In discussing the development of Taiwanese sociopolitical movements in the 1920s, for example, Hu concludes that activists could “anchor their critique of colonial rule in the purpose and the success of girls’ and women’s education.”
While she cites articles, written mostly by men but also some women, in Taiwan Minbao (originally Taiwan Seinen), the first independent Taiwanese periodical, her claim that colonial critiques were “anchored” in discussions of women’s education is a huge leap.
As is the case in academic works, the incessant ramming home of the thesis can grate — at points it feels like there’s a royalties deal tied to the reiteration of the “good wife, wise mother” mantra. In places, the repetition of the word “gender” also becomes wearisome. The following sentence, which refers to women’s memories of performing domestic chores for Japanese teachers, is indicative: “Their memories and nostalgia were gendered because of their expected gender roles, with their gender being connected to their labor.”
Yet, at its best, Hu’s examination of colonial gender norms is captivating and insightful. Regarding reports of sexual exploitation and abuse of female students, Hu observes that the teachers “represented the colonial authority while schoolgirls represented the Taiwanese people exploited by the Japanese.”
In her introduction to the short story collection A Son of Taiwan (reviewed in Taipei Times, July 14, 2022), Sylvia Li-chun Lin (林麗君) makes a related point about the marriage of a Taiwanese woman to a corrupt minor Chinese Nationalist Party (KMT) official in “Potsdam Section Chief,” a tale by Wu Chuo-liu (吳濁流). The union, writes Lin, symbolizes Taiwan’s relationship with China. Interestingly, Wu’s treatment of female characters in his famed novel The Orphan of Asia is highlighted by Hu as an example of the conflicting attitudes of Taiwanese progressives toward the “good wives, wise mothers” paradigm.

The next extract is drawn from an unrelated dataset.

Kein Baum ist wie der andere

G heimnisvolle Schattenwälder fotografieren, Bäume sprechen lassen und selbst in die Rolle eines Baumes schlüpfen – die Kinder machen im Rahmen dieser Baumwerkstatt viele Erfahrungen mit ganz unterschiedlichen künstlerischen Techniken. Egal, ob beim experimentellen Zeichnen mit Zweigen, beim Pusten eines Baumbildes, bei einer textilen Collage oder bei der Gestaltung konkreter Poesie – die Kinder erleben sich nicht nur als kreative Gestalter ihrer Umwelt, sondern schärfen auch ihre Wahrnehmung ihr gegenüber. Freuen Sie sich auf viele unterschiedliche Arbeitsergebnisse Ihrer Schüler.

A further parallel can be seen in analysis of the work of writer Li Ang (李昂), by scholar Wu Chia-rong (吳家榮), who sees sex between a Taiwanese female protagonist and her Chinese lovers as suggestive of “the original sin imposed on Taiwanese subjects” or “an act of betrayal … to the native soil.”
STARK CONTRASTS
Particularly incisive are the observations on the “social flattening” that the system produced during war mobilization when girls from working class backgrounds planted vegetables alongside classmates from privileged backgrounds. Overall, the system seems to have benefited girls from lower income families who acquired the literacy and skills needed for postwar employment, contributing to Taiwan’s development.

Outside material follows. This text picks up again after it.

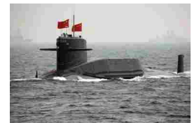
La corsa al riarmo Tornano i sommergibili: nuova guerra in mare

Copyright 2016 © Avvenire | P.Iva 00743840159 | Credits | Privacy | Per la pubblicità
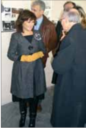
La ministra de Cultura, Carmen Calvo, visitó la segunda fase de las obras de rehabilitación del Archivo General de Simancas.

Gathered from interviews in Taiwan and the US, the recollections of these Japanese-educated women are fascinating, with many remembering the era fondly as time of camaraderie among girls across social strata and an era where discipline, manners and respect for authority were paramount.
Many, Hu found, contrasted Japanese moral education (shushin) and the order it created with chaos, corruption and injustice under the KMT. The disdain extended to the youth of today, who were branded self-centered and materialistic.

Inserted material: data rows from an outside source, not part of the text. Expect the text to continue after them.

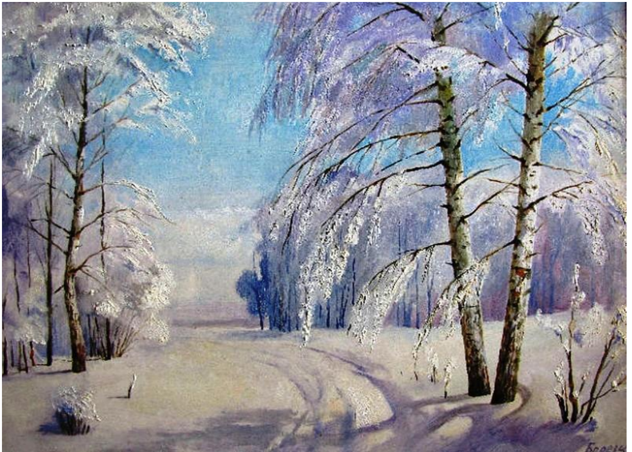
В. Берзин «Зимний лес»
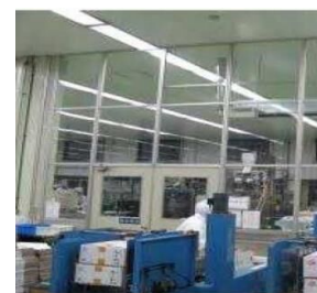
空気を經由した汚染を防止する設備（パーティション）の導入
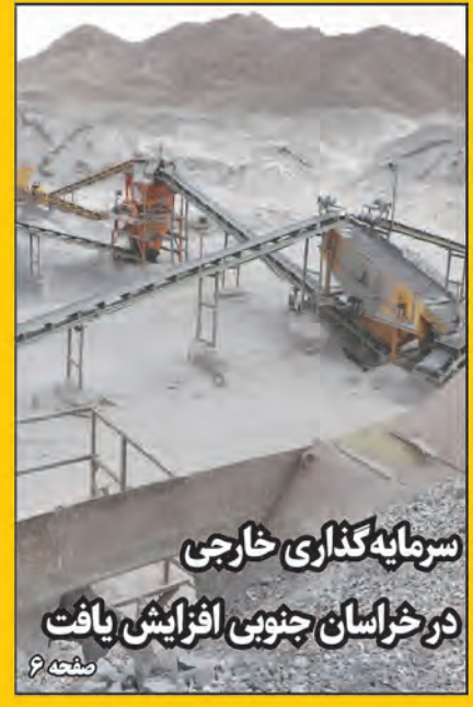
سرمایه‌گذاری خارجی در خراسان جنوبی افزایش یافت

فعالیت ادارات خراسان جنوبی پیوست رسانه‌های داشته باشد
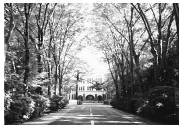
5 とうきょうのこうだいがく 東京農工大学
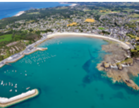
Plage du Centre

La ville d'Erquy et son grès rose sont à découvrir : son port de pêche connu pour ses coquilles Saint-Jacques à savourer sans modération, son cap aux landes remarquables, couvertes d'ajoncs jaunes ou de bruyère violette selon la saison, ses chemins de randonnées en immersion dans la nature, ses balades à marée basse... tout pour faire le plein de grand air !

Ignoring the inherent discrimination of the colonial system — reinforced by the preexisting patriarchy — these women waxed lyrical about an era where education emphasized the collective good, fostering a “social harmony” they felt contemporary society lacked. In this sense, writes Hu, this passing generation of wives and mothers were as much defined by their Japanese education as their Chinese ethnicity.